■ Work task:
Once the pictures are set aside, copy the data below exactly as it stands.

■ Data:
__________________________________________________

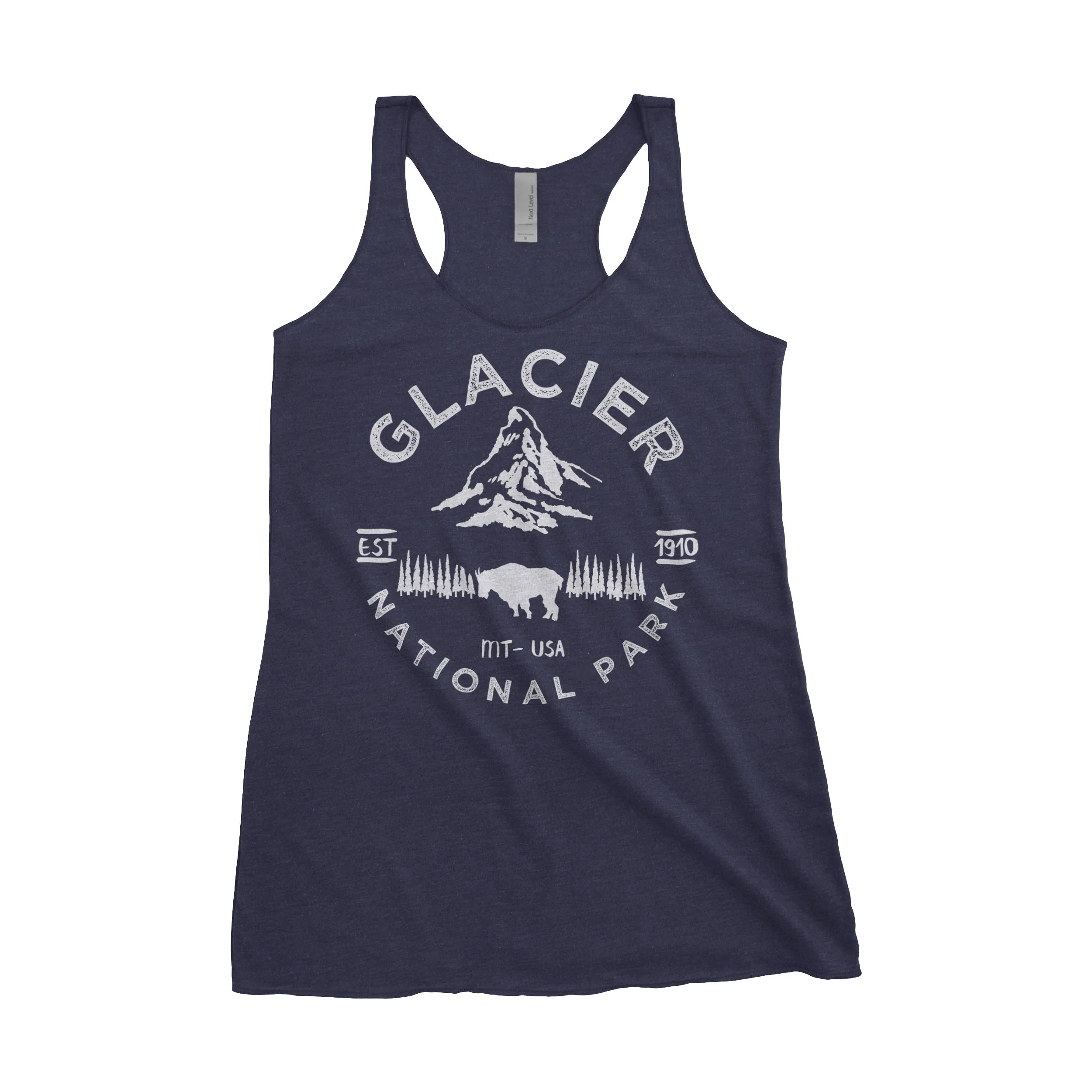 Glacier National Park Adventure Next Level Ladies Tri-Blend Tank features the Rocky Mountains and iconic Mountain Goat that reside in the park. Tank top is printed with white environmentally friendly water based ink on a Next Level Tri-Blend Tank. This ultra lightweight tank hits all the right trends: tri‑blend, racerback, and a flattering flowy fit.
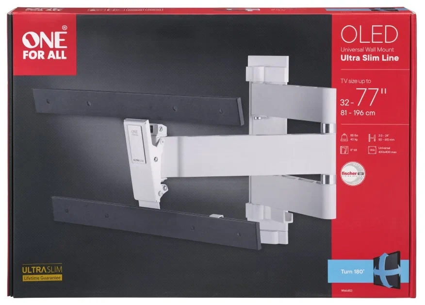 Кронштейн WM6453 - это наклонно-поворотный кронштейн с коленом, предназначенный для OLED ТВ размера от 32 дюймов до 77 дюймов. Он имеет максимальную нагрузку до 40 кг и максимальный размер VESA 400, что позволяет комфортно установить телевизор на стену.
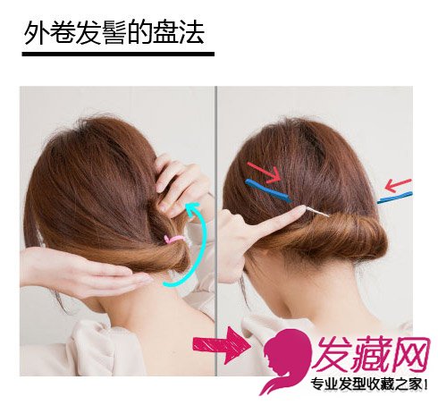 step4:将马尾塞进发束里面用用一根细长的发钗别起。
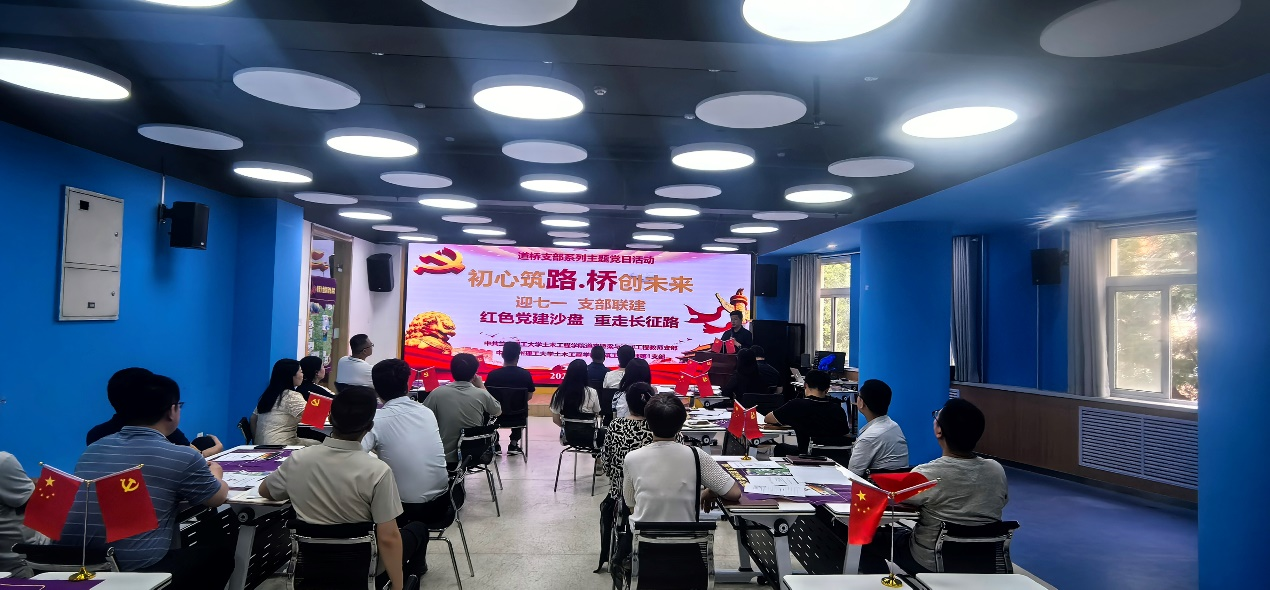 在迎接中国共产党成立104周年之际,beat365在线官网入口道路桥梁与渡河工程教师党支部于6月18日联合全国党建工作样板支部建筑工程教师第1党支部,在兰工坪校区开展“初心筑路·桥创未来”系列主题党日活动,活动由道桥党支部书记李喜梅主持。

__________________________________________________

■ Written solution:
 Glacier National Park Adventure Next Level Ladies Tri-Blend Tank features the Rocky Mountains and iconic Mountain Goat that reside in the park. Tank top is printed with white environmentally friendly water based ink on a Next Level Tri-Blend Tank. This ultra lightweight tank hits all the right trends: tri‑blend, racerback, and a flattering flowy fit.
 Кронштейн WM6453 - это наклонно-поворотный кронштейн с коленом, предназначенный для OLED ТВ размера от 32 дюймов до 77 дюймов. Он имеет максимальную нагрузку до 40 кг и максимальный размер VESA 400, что позволяет комфортно установить телевизор на стену.
 step4:将马尾塞进发束里面用用一根细长的发钗别起。
 在迎接中国共产党成立104周年之际,beat365在线官网入口道路桥梁与渡河工程教师党支部于6月18日联合全国党建工作样板支部建筑工程教师第1党支部,在兰工坪校区开展“初心筑路·桥创未来”系列主题党日活动,活动由道桥党支部书记李喜梅主持。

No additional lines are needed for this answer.